No one likes to hear “I told you so,” but those words are ringing out across data analytics circles these days. Business leaders who thought Big Data was going to be easy are feeling the splash of cold water on their faces. But, even though Big Data is hard, doesn’t mean it’s going away. Data pioneers are pushing forward with new approaches that are showing tremendous promise.
Most businesses struggle with Big Data because it’s counter to classic data architecture models. Companies are accustomed to spending a tremendous amount of time, money and effort trying to organize disparate data from dispersed systems and synthesizing it into a simple, singular database so everyday employees can make use of it. Data standardization is engrained in the culture.
I can remember the days when businesses invested thousands of dollars trying to define one data point, not even knowing if it would serve any useful purpose, such as predicting buying patterns. Executives engaged in endless discussions about the various ways that different audiences could interpret a single nugget of information.
In today’s world, the acceleration of data volumes, velocity, variety and veracity are overwhelming traditional data management architectures. Data warehousing still has its place, but creating robust interfaces to systems and data sources is too slow and too expensive to supply data to an innovation process with an unknown value. Information driven decision making requires a more agile and innovation-driven approach.
A new trend in Big Data is emerging called data lakes. Forward-thinking enterprises across industries are “dumping” data for analytics into repositories—often Hadoop based—without perfecting the data. By taking this unkempt approach, companies aren’t trying to make the data accessible to a mass audience and they don’t always know what they’ll find. Now that data storage and technology is cheap and information is vast, discovery analytics is finally possible. Businesses have the luxury of keeping the information they collect. And, they don’t have to know what they are looking for to pave a path to hidden opportunities.

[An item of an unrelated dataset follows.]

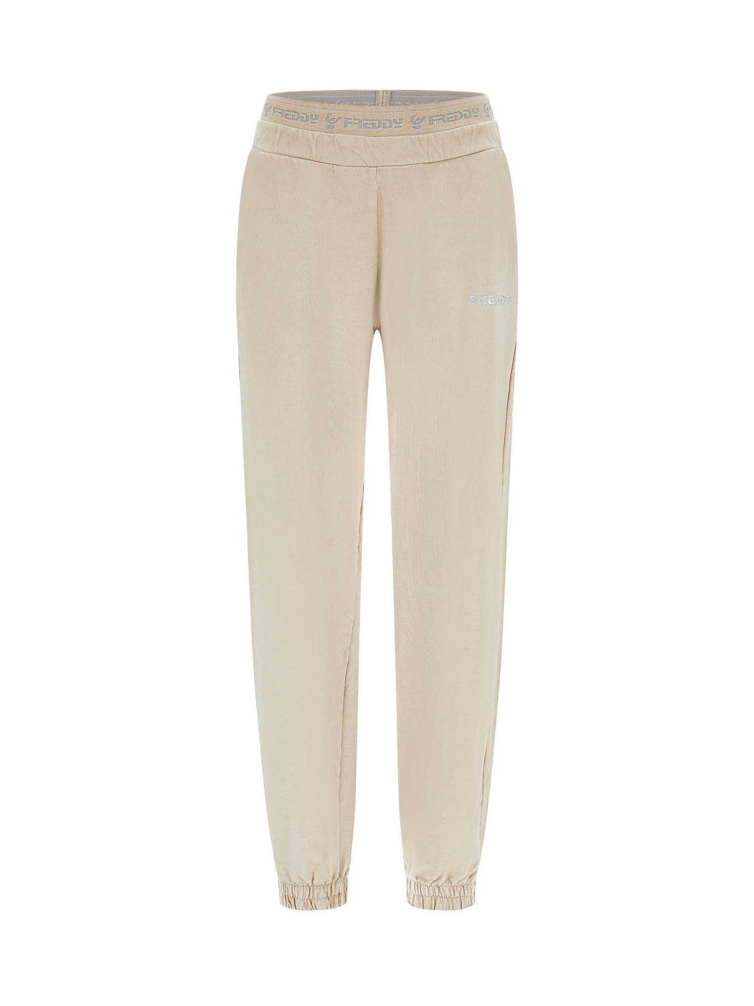 Description : pantalon sportif en jersey stretch épais de couleur fluo, teint en pièce avec élastique logoté visible à la taille.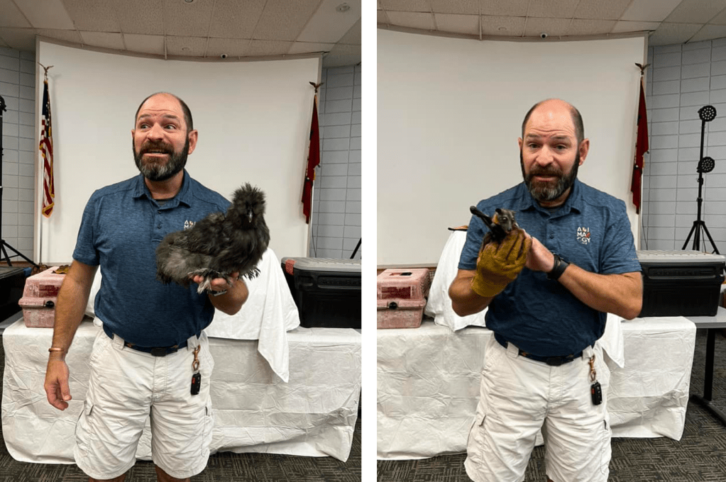 - This is one of the few non-wildlife animals we present. The Silkie Chicken has been helping humanity for thousands of years, first as a meat option, and secondly as a surrogate. Today they can be found living their best life as therapy animals and in providing homegrown free range eggs.

With data lakes, companies employ data scientists who are capable of making sense of wild data as they trek through it. They can find correlations within the data as they get to know it. As PhDs and other statisticians and business experts traverse the terrain, they leave guideposts for those who follow. Think of them as modern day Lewis and Clarks scouting what’s up ahead to gather information for the rest of the colony to build the town and lay down track for the railroad.
Challenges and Opportunities of Data Lakes
Data lakes is such a fundamentally different way of attacking the data dilemma that enterprises are struggling to adapt their processes and culture. Following are a few challenges that businesses need to overcome:
• Political Power Struggles: Even though Hadoop makes it easy, business owners can be resistant to sharing data for political reasons. Data is power.
• Complexity of Legacy Data: Many legacy systems contain a hodgepodge of software patches, workarounds, and poor design. As a result, the raw data may provide limited value outside its legacy context. The data lake performs optimally when supplied with unadulterated data from source systems, and rich metadata built on top.
• Metadata Lifecycle Management: Data lakes require advanced metadata management methods, including machine assisted scans, characterizations of the data files, and lineage tracking for each transformation. Should schema on read be the rule and predefined schema the exception? It depends on the sources. The former is ideal for working with rapidly changing data structures, while the latter is appropriate for sub-second query response on highly structured data.
• Desolate Data Islands: Business units often discover that lakes are cheap and fast and they build them on their own and then abandon them. By circumventing the centralized IT function, business units can create a chain of desolate data islands instead of a “land of lakes” that can flow into each other.
• The Issue of Integration: The integration required to turn that data into actionable insights is a substantial challenge. While integrating the data takes place at the Hadoop layer, contextualizing the metadata (providing views of selected data, in other words) takes place at schema creation time. A secure “integration fabric” is necessary to link the lakes and centralize data from multiple sources to provide a comprehensive, rich repository of enterprise-wide information for analysis and insight.
• Virtually every industry has the potential to tap the power of data lakes. Implemented with some foresight, a data lake can be a way to gain more visibility into operations and put an end to data fiefdoms. Many companies see data lakes as an opportunity to capture a 360-degree view of their customers, to analyze social media trends and to strengthen compliance.
In the financial services industry, the Dodd-Frank regulation is a catalyst. One institution has begun centralizing multiple data warehouses into a big repository. The institution is moving reconciliation, settlement, and Dodd-Frank reporting to the new platform. In this case, the approach reduces integration overhead because data is communicated and stored in exactly the same format. The system also provides a consistent view of a customer across operational functions, business functions, and products.
Some companies have built Big Data sandboxes for analysis by data scientists. These sandboxes are somewhat similar to data lakes, albeit narrower in scope and purpose. PwC, for example, built a social media data sandbox to help clients monitor their brand health by using its Social Mind application.
Make no mistake about it; Big Data is increasingly the beating heart of a thriving company. The term Big Data might seem tired, but the practice itself is opening up new and exciting areas of analytics that are enabling companies to achieve a level of competitive advantage that was unimaginable only a few years ago. Every day, businesses are making Big Data breakthroughs that are like beacons of light for others still in the dark to follow.